It takes a lot to impress a young golfing supremo who has just won the US Masters, but Tiger Woods on Tuesday recalled how his first meeting with former South African president Nelson Mandela 15 years ago was an experience like no other.
“I went down there to play Sun City, and he invited us to his home. And my father and I went to have lunch with him. It still gives me chills to this day, thinking about it,” Woods told journalists at Muirfield in Scotland, where the start of The Open today coincides with Mandela’s 95th birthday.
Woods became a poster boy for a multiracial US in 1997 when, at just 21, he became the first black golfer to win a major, a feat all the more startling as he did it on a course that up until seven years previously had been off limits to African-Americans.

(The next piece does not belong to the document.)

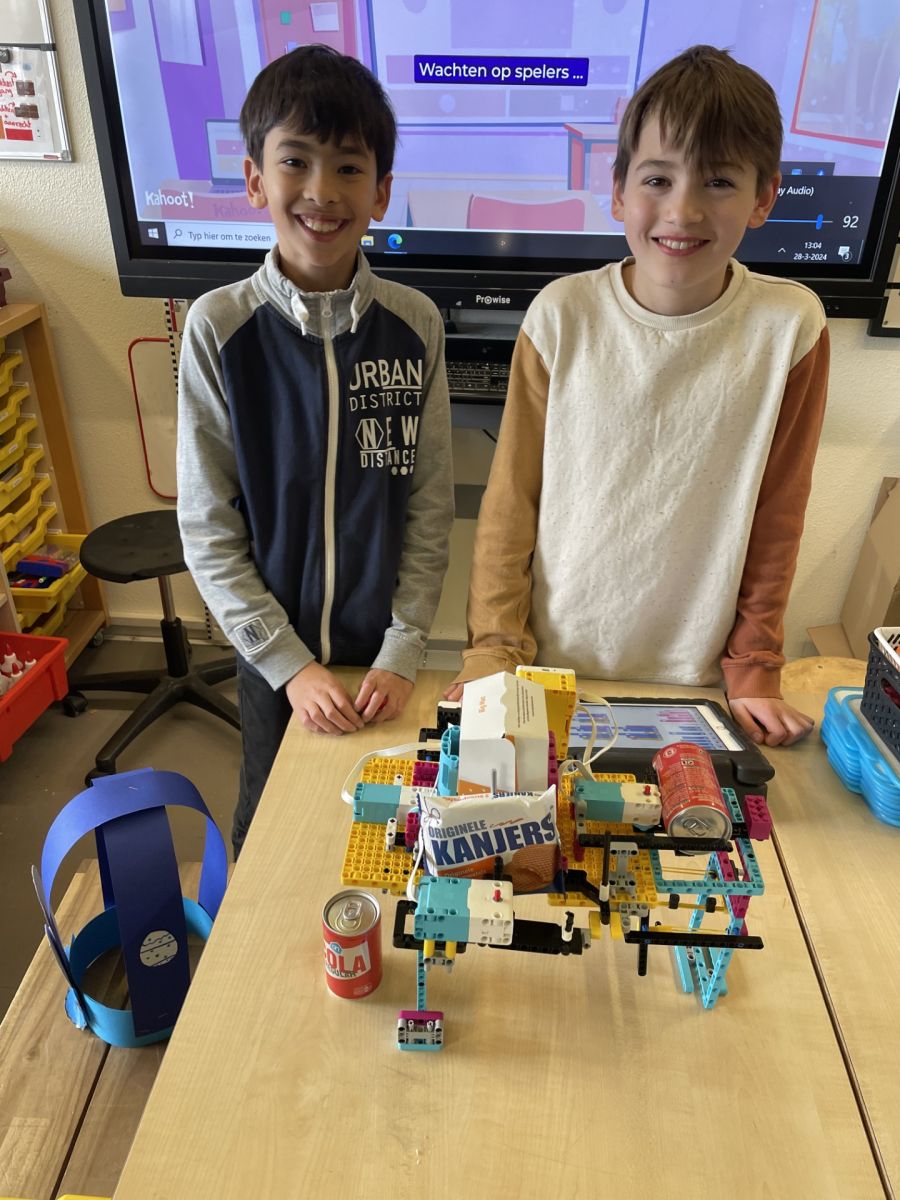 Jesse (10, 7e leerjaar) en Levi (12, ook in het 7e leerjaar) zijn twee jongens uit Wendels stamgroep. Zij hebben onder andere het project met lego gedaan, waarbij je én ontwerpen maakte in technische lego én leerde programmeren om je machine op afstand te kunnen bedienen. “We gaan binnenkort naar een nieuw schoolgebouw en Wendel verzon voor ons de opdracht om voor die nieuwe school een snackautomaat te bouwen”, begint Jesse.

He described his private lunch the following year with Mandela, South Africa’s anti-apartheid hero, as unforgettable.
“We walked in the room and my dad and I were just kind of looking around. And I said: ‘Dad, do you feel that?’ And he says: ‘Yeah, it feels different in this room.’ And it was just like a different energy in the room,” Woods said. “And maybe, I’m guessing probably 30 seconds later, I heard some movement behind me and it was president Mandela folding up the paper. And it was pretty amazing.”
“The energy that he has, that he exudes, is unlike any person I’ve ever met. And it was an honor to meet him at his home. And that’s an experience that I will never, ever forget,” Woods added.

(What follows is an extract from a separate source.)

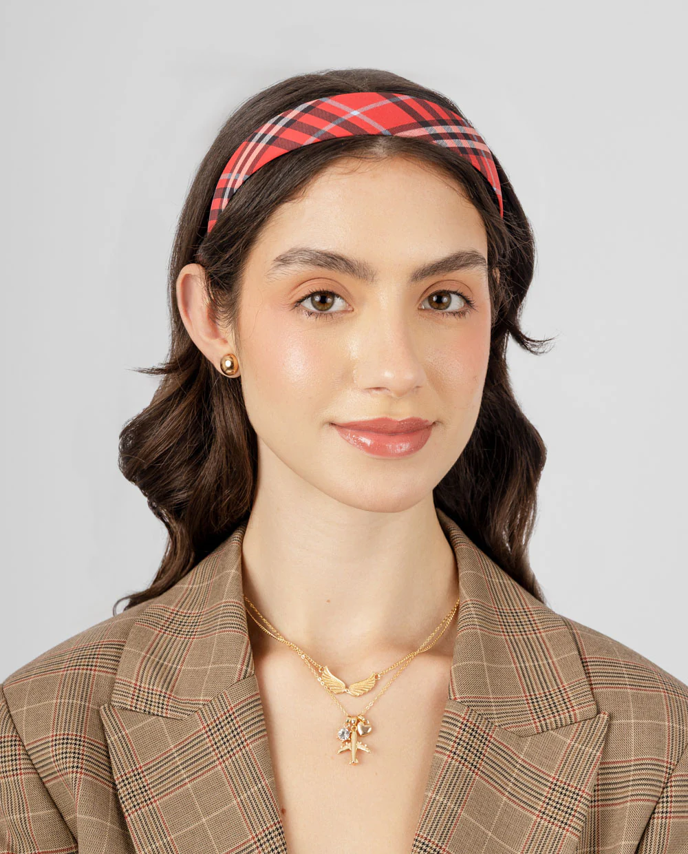 Vincha ancha con diseño cuadros rojo—

Mandela, who overcame 27 years in jail to become South Africa’s first black president and bring an end to decades of whites-only rule, is confined to his Pretoria hospital bed on life-support as the world prepares to mark his birthday with a raft of celebrations and charity events.
“To be able to be incarcerated for that long and come out and run a country with humbleness and humility. Just the aura that he exudes, unlike any person, as I said, I’ve ever met,” Woods said. “He impacted the world, not just for his generations, but for future generations to come, just the way he handled everything. And that takes a very special person.”

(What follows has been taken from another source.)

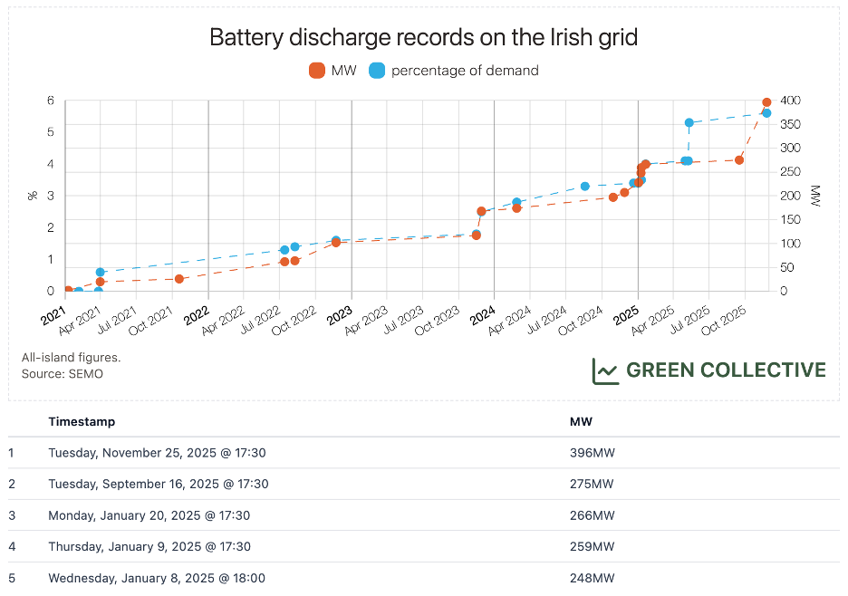 Based on metered generation data, battery discharge reached 396MW at 17:30 on November 25. The chart below shows the full history of battery records on the Irish grid. We saw a flurry of records last winter, shortly after revenue potential from the DS3 Programme (ancillary services) reduced for batteries, nudging more BESS to discharge during peak hours and earn revenues from energy arbitrage. On November 25, we saw more batteries participate in wholesale trading than ever. The jump from less than 300MW to around 400MW demonstrates the impact from the SDP_02 update already. As always, you can follow Irish grid records in real-time just like we do via our records dashboard.

Defending Open champion and South African sporting legend Ernie Els, also paid tribute to Mandela at Muirfield, and said it would be “wonderful” if a South African player could win this week and give his sports-mad nation a much-needed morale boost.
“Obviously sport has been a key factor in bringing South Africa together into a democratic place and state,” Els said on Monday. “And president Mandela played such a big part in that also back in the early 90s, and the World Cup and soccer, African Nations Cup.”
Els is one of 10 South Africans competing at Muirfield, along with Thomas Aiken, Richard Sterne, Tim Clark, George Coetzee, Charl Schwartzel, Branden Grace, Louis Oosthuizen, Justin Harding and Darryn Lloyd.